**** DATA FOR THIS EXERCISE ****

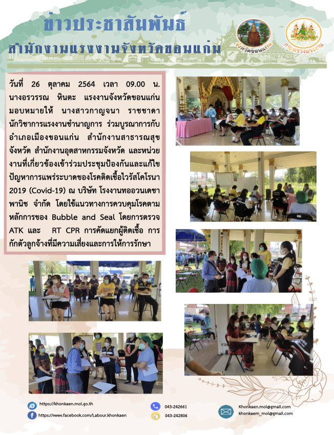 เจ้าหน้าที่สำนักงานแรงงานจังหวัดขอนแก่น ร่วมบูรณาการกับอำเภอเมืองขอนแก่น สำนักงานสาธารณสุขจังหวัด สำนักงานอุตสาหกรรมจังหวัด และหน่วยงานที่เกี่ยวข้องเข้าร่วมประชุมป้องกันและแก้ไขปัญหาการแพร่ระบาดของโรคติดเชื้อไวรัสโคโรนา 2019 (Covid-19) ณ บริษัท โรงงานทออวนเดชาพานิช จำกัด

****
**** DATA FOR THIS EXERCISE ****

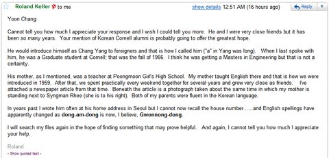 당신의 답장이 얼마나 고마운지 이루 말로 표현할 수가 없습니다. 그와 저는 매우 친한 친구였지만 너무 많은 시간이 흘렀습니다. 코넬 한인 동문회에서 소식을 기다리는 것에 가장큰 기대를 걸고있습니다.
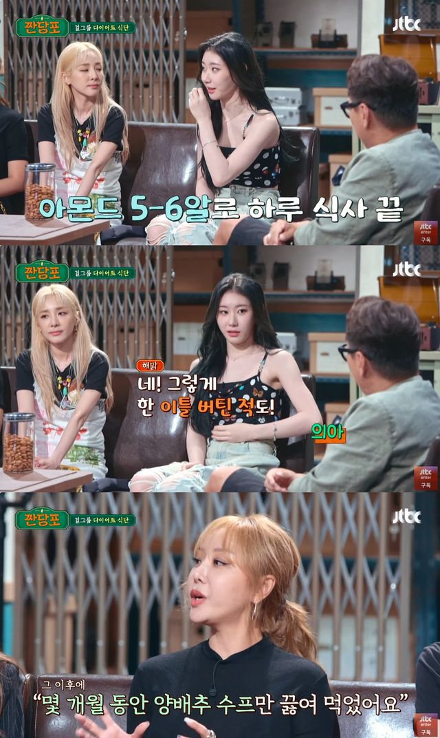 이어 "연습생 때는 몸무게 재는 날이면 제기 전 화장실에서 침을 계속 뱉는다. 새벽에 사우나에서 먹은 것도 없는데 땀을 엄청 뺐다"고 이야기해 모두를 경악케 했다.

****

Range to print from the listing above: from the line with "당신의 답장이 얼마나" up to and including the line with "모두를 경악케 했다.". Please print those lines exactly, with no pictures and nothing more.

 당신의 답장이 얼마나 고마운지 이루 말로 표현할 수가 없습니다. 그와 저는 매우 친한 친구였지만 너무 많은 시간이 흘렀습니다. 코넬 한인 동문회에서 소식을 기다리는 것에 가장큰 기대를 걸고있습니다.
 이어 "연습생 때는 몸무게 재는 날이면 제기 전 화장실에서 침을 계속 뱉는다. 새벽에 사우나에서 먹은 것도 없는데 땀을 엄청 뺐다"고 이야기해 모두를 경악케 했다.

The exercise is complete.